REST API Integration

Connect ERP systems with REST APIs:

  1. Add API Data Source: Navigate to Data Sources → Add Data Source → REST API
  2. Enter Endpoint: Provide ERP API base URL (e.g., https://api.erp-system.com/v1)
  3. Configure Authentication:
    • API Key: Header-based authentication
    • Bearer Token: OAuth 2.0 token authentication
    • Basic Auth: Username/password authentication
  4. Test Connection: Platform validates endpoint and authentication
  5. Automatic Data Mapping: Platform detects API structure and maps data automatically

Supported ERP Systems via API:

  • Odoo (REST API)
  • Microsoft Dynamics (REST API)
  • SAP (if API accessible)
  • Custom ERP systems with REST APIs

GraphQL Integration

Connect modern ERP systems with GraphQL:

  1. Add GraphQL Data Source: Navigate to Data Sources → Add Data Source → GraphQL API
  2. Enter Endpoint: Provide GraphQL endpoint URL
  3. Schema Introspection: Platform automatically introspects GraphQL schema
  4. Configure Queries: Define queries to fetch ERP data
  5. Test Connection: Validate endpoint and schema

Database Integration

Connect ERP systems via direct database connection:

  1. Add Database Data Source: Navigate to Data Sources → Add Data Source → Database
  2. Select Database Type: PostgreSQL, MySQL, SQL Server, Oracle (ERP systems often use these)
  3. Enter Connection Details: Host, port, database name, username, password
  4. Test Connection: Platform validates connection
  5. Automatic Schema Detection: Platform detects tables, columns, relationships

Supported Databases: PostgreSQL, MySQL, SQL Server, Oracle, MongoDB

ERP Module Integration

Craveva AI Enterprise can connect to different ERP modules:

Financial Module

Connect to financial/accounting modules to access:

  • Accounting Data: General ledger, accounts payable/receivable
  • Financial Reports: Income statements, balance sheets, cash flow
  • Budget Information: Budgets, forecasts, actuals vs. budget
  • Cost Data: Cost centers, cost allocation, expense tracking
  • Revenue Data: Sales revenue, revenue recognition, revenue streams

Inventory Module

Connect to inventory/warehouse modules to access:

  • Stock Levels: Current inventory levels, reorder points
  • Inventory Movements: Receipts, issues, transfers, adjustments
  • Supplier Data: Supplier information, purchase orders, delivery schedules
  • Procurement Data: Purchase requisitions, purchase orders, supplier performance
  • Warehouse Information: Warehouse locations, bin locations, stock locations

Supply Chain Module

Connect to supply chain/logistics modules to access:

  • Supplier Data: Supplier profiles, performance metrics, contracts
  • Logistics Information: Shipping, delivery, transportation data
  • Delivery Data: Delivery schedules, delivery performance, lead times
  • Procurement Data: Purchase orders, supplier invoices, payment terms
  • Supply Chain Metrics: On-time delivery, quality metrics, cost metrics

HR Module

Connect to HR modules to access:

  • Employee Data: Employee profiles, roles, departments
  • Scheduling Data: Work schedules, shift assignments, time tracking
  • Performance Data: Performance reviews, KPIs, goals
  • Payroll Data: Salary, benefits, deductions (if accessible)

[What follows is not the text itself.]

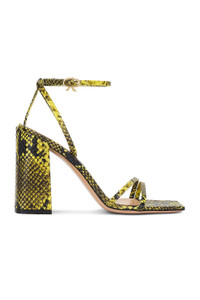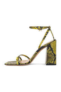 Details - Snake embossed leather upper with leather sole - Made in Italy - Ankle buckle closure - Leather footbed and lining - Square toe with block heel - Approx 100mm/ 4 inch heel - Our Style No. GIAN-WZ723 - Manufacturer Style No. G32336-95RIC-BON

Creating Intelligent Enterprise Agents

Once ERP data is centralized, Craveva AI Enterprise enables AI agents:

AI Procurement Assistant

Uses ERP inventory and supplier data:

  • Demand Forecasting: Uses sales data + ERP inventory data to predict demand
  • Supplier Management: Accesses ERP supplier data for supplier selection
  • Order Optimization: Uses ERP procurement data to optimize orders
  • Cost Analysis: Analyzes ERP cost data to optimize procurement costs

AI Data Analysis Agent

Queries ERP data using natural language:

  • "Show me inventory levels vs. sales this month"
  • "Compare actual costs to budget by department"
  • "What are the top suppliers by delivery performance?"
  • "Analyze employee productivity vs. costs"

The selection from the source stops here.